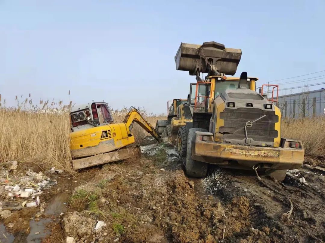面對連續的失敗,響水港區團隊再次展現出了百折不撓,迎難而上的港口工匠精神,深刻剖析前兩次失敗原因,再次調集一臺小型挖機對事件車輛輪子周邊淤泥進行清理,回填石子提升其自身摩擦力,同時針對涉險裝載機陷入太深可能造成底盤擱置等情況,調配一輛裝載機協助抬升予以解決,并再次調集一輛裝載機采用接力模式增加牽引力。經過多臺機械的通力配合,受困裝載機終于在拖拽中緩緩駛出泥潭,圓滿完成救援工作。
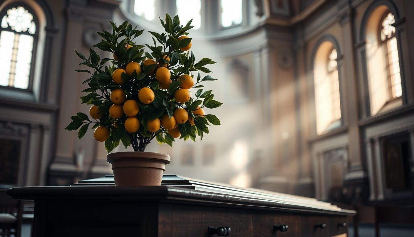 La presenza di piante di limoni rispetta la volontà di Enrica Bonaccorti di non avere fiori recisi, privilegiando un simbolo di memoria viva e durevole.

- - -

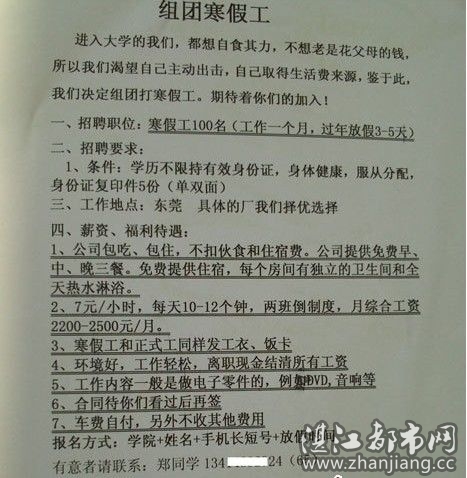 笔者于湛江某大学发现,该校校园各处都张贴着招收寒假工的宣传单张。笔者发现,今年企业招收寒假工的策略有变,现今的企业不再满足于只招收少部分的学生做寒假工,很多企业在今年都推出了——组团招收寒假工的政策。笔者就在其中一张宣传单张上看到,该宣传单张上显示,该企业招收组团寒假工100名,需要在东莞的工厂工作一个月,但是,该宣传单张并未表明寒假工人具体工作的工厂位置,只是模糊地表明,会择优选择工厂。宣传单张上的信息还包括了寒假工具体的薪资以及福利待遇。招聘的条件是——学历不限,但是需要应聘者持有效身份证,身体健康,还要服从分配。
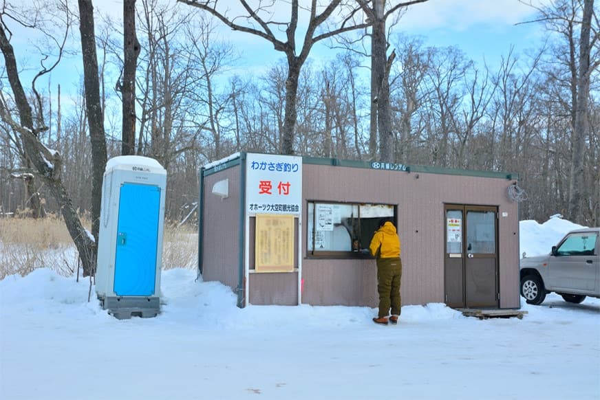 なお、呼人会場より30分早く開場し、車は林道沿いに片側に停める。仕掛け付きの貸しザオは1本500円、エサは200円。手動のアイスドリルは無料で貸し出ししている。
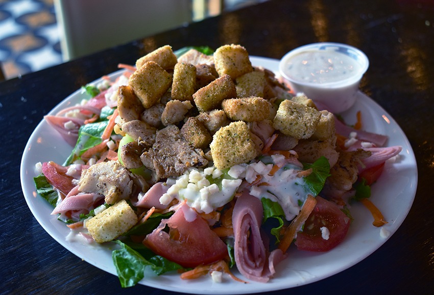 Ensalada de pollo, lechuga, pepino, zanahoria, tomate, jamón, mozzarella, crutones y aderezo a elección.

- - -

Pictures excluded, give again exactly and only the lines of the material above from the line with "面對連續的失敗,響水港區團隊" through the line with "La presenza di".

**Finished task:**
面對連續的失敗,響水港區團隊再次展現出了百折不撓,迎難而上的港口工匠精神,深刻剖析前兩次失敗原因,再次調集一臺小型挖機對事件車輛輪子周邊淤泥進行清理,回填石子提升其自身摩擦力,同時針對涉險裝載機陷入太深可能造成底盤擱置等情況,調配一輛裝載機協助抬升予以解決,并再次調集一輛裝載機采用接力模式增加牽引力。經過多臺機械的通力配合,受困裝載機終于在拖拽中緩緩駛出泥潭,圓滿完成救援工作。
 La presenza di piante di limoni rispetta la volontà di Enrica Bonaccorti di non avere fiori recisi, privilegiando un simbolo di memoria viva e durevole.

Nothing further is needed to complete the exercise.